Slide 4: We need registers for pipelining (for performance),
to communicate data between cycles (eg in an FSM or some feedback
loop). The general buzzword used for both these uses is
Retiming. The two pictures are two alternate data flows for an
ASCII character (0-9,a-f) to hex converter. The circles are the
inputs, while the boxes are 4 input lookup tables (4-LUTs). The first
can be pipelined by adding registers on the input, but can't be
pipelined more aggressively, because some of the inputs go to the
second row of the computation.
The second diagram shows the additional blocks that are used to
retime data, allowing this aggressive pipelining. Such pipelining doesn't
help latency, but will help bandwidth.
Shown below is a simple model for our configurable computing device:
Mapping the ASCII hex->binary circuit onto such a device, we program up the instruction to evaluate each of the constituent compute blocks and configure the interconnect accordingly. Shown below is the device programmed up without the additional retiming blocks.
Slide 5: So why don't we always just fully pipeline and run
at the maximum speed? Sometimes there is feedback, where the final
output is needed as an input to the next calculation (forcing
serialization), or perhaps the application doesn't require as much
throughput.
If either of these is the case for our ASCII hex->binary example, evaluation would proceed as follows (active instructions highlighted in yellow):
Most of the circuitry is left idle at any point in time.
In such cases, we may use less hardware, possibly without affecting the latency (but at a definite cost of throughput). For example, the 3 separate rows of operations in the ASCII hex->binary example could be implemented with a single block of 12 computational units by first doing the actions of the first row, then the second, then the third. In order to do this, we need to be able to quickly change the array's behavior, essentially having multiple instruction.
We also need to be careful that all data is in the right place. A few extra blocks are allocated here --- just as in the fully pipelined version --- to retime data so that the correct version of each value is available to each compute block when it is evaluated.
An even smaller implementation is possible with more storage and instructions but a single lookup table. Since data and instruction storage is usually much smaller, this takes less area but impacts performance.
Another way of putting it is that the data flow graph may allow full pipelining, but that the application either (a) might not require the full throughput or (b) might contain a feedback loop which prevents pipelining. Nonetheless, we can still use the techniques involved in pipelining to instead make the problem more area efficient. Instead of having hardware to compute the entire calculation, we can have sufficient hardware to perform only 1 of the pipeline stages, store the result, reconfigure the hardware to perform the next stage, store the result etc. This requires that we store multiple configurations (essentially a few VVLIW (Very Very Long Instruction Word. :) instructions which we can quickly switch between.
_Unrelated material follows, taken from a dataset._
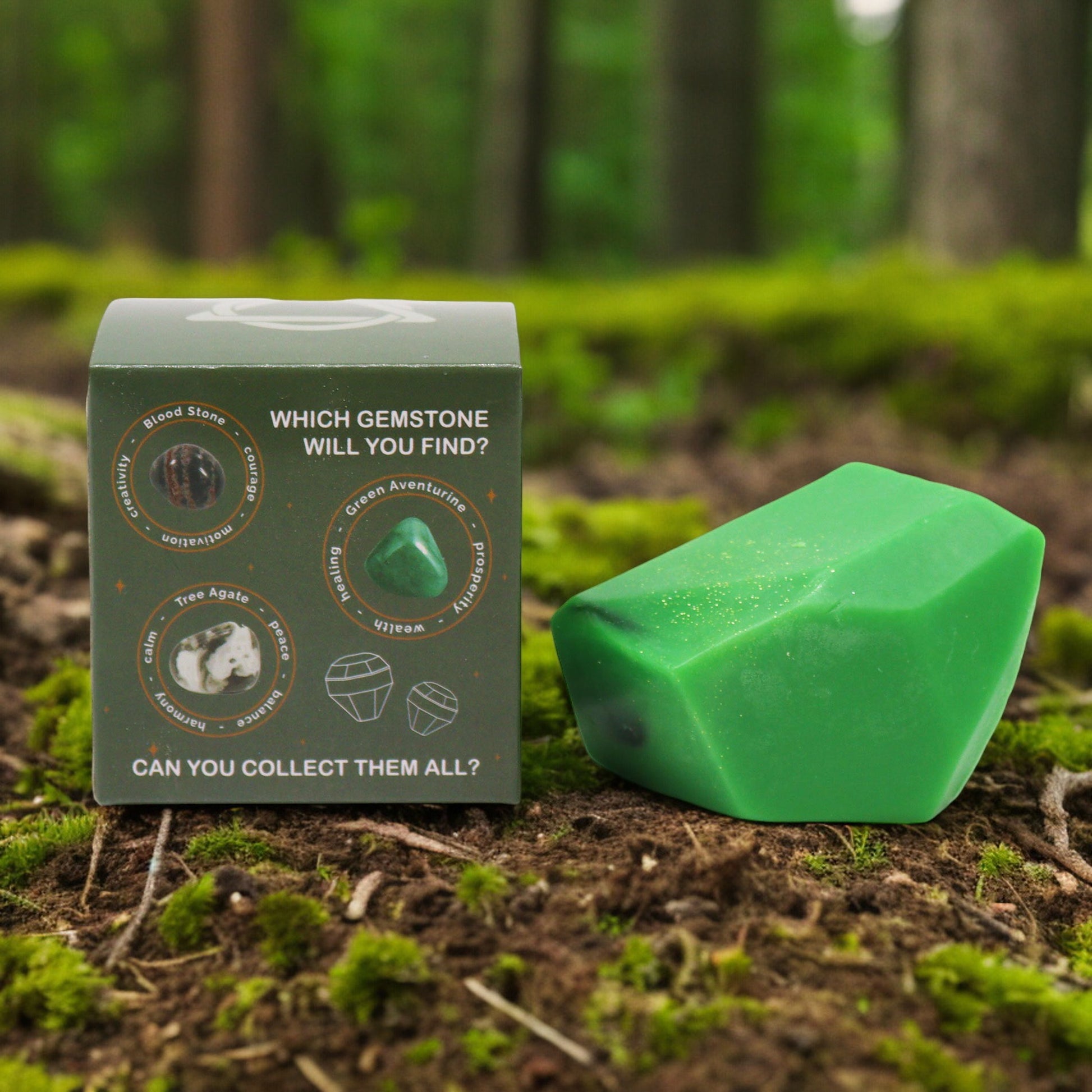Ce savon ravira vos clients avec une sélection de cristaux comprenant de la pierre de sang pour renforcer l'énergie, de l'aventurine verte pour attirer la prospérité et l'abondance et de l'agate arborescente pour favoriser la connexion avec la nature.

Due to the extreme size of these instructions, we can't expect to load these from external memory)
Slide 6: Sometime there are mutually exclusive cases (EG,
if else constructs). We can share hardware by doing one or the other,
which we can do by either changing/selecting the instruction based on
the data (like a conditional branch in a conventional computer), or by
building a device that does one or the other (eg ALU) with the mode
selected by the data. One example might be an FSM, where the states
CHANGE the operation of the logic, allowing a much more complex FSM to
be built in the same amount of hardware.
Slide 7: This is the extreme example of just a single
computing element, which is very area efficient but with really low
throughput. This is essentially a conventional computer with a very
small reconfigurable functional unit and a register file. As such,
the calculation needs to be performed sequentially, so the throughput
decreases linearly with the number of gates required.
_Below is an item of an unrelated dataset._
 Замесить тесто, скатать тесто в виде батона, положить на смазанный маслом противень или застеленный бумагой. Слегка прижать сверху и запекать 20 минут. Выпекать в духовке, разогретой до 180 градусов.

Slide 8: Wrapup slides for this discussion: We need both
computing elements and interconnect. The application will give us the
throughput, which we can use to make things more efficient by reusing
element on different data (pipelining for throughput) or by reusing
the same elements for different parts of the computation (sacrificing
throughput for area).
Slide 9: Reuse means we must have some way of data
retiming, and often an ability to change instructions. Memory itself
can be used for data retiming or for holding the inactive (but soon to
be used) instructions. This memory may often be scattered throughout
a reconfigurable device or may be as one or two monolithic pieces.
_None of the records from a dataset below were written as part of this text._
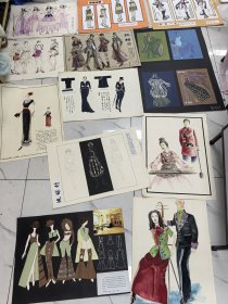 少数民族服装时装资料:史林指导,绘画设计稿图一批共三十六张。史林是苏州大学艺术学院的教授。她1942年生,1965年毕业于中央工艺美术学院染织系。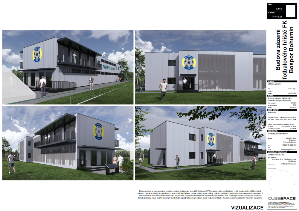 Bohumín vypsal veřejnou zakázku „Modulární výstavba: ´´Budova zázemí fotbalového hřiště FK Bospor Bohumín II´´.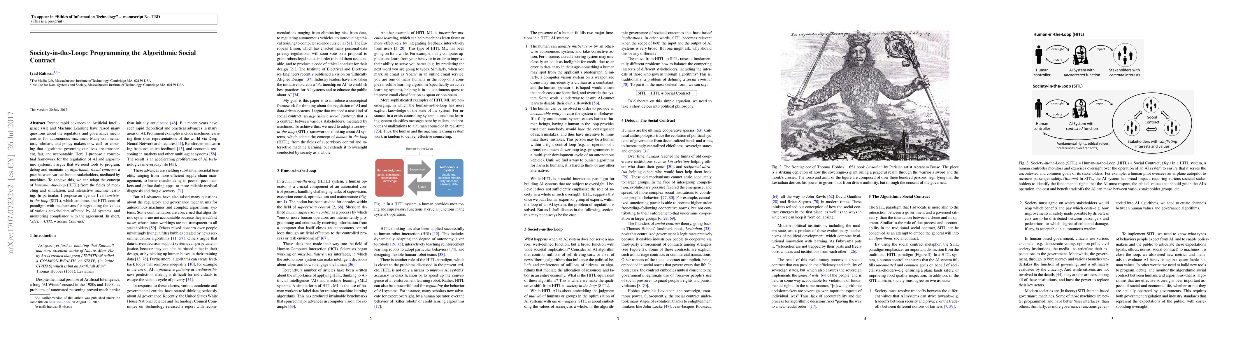 Recent rapid advances in Artificial Intelligence (AI) and Machine Learning have raised many questions about the regulatory and governance mechanisms for autonomous machines. Many commentators, scholars, and policy-makers now call for ensuring that algorithms governing our lives are transparent, fair, and accountable. Here, I propose a conceptual framework for the regulation of AI and algorithmic systems. I argue that we need tools to program, debug and maintain an algorithmic social contract, a pact between various human stakeholders, mediated by machines. To achieve this, we can adapt the concept of human-in-the-loop (HITL) from the fields of modeling and simulation, and interactive machine learning. In particular, I propose an agenda I call society-in-the-loop (SITL), which combines the HITL control paradigm with mechanisms for negotiating the values of various stakeholders affected by AI systems, and monitoring compliance with the agreement. In short, `SITL = HITL + Social Contract.'

Slide 10: (Note, the lecture occurred in a different order,
with this shifted to the end. These notes follow the slides
however). FPGA marketeers' speak in terms of gate counts, but they
aren't the only thing (have interconnect and state elements) and the
notion of counting gates is tricky.
Slide 11-12: How many 2-input NAND gates are in a 2 input
lookup table (2-LUT)? Depends on what kind of gate! So really a
range.(1-4). Xilinx generally takes something of a midpoint when they
give the numbers (eg, a XC4000 4-LUT would be (1-9) or so, so Xilinx
says 4 or 5) (How Xilinx counts gates).
Slide 13: And then what about a flip-flop? It's probably 6
or so IF you use it, but if you don't, well?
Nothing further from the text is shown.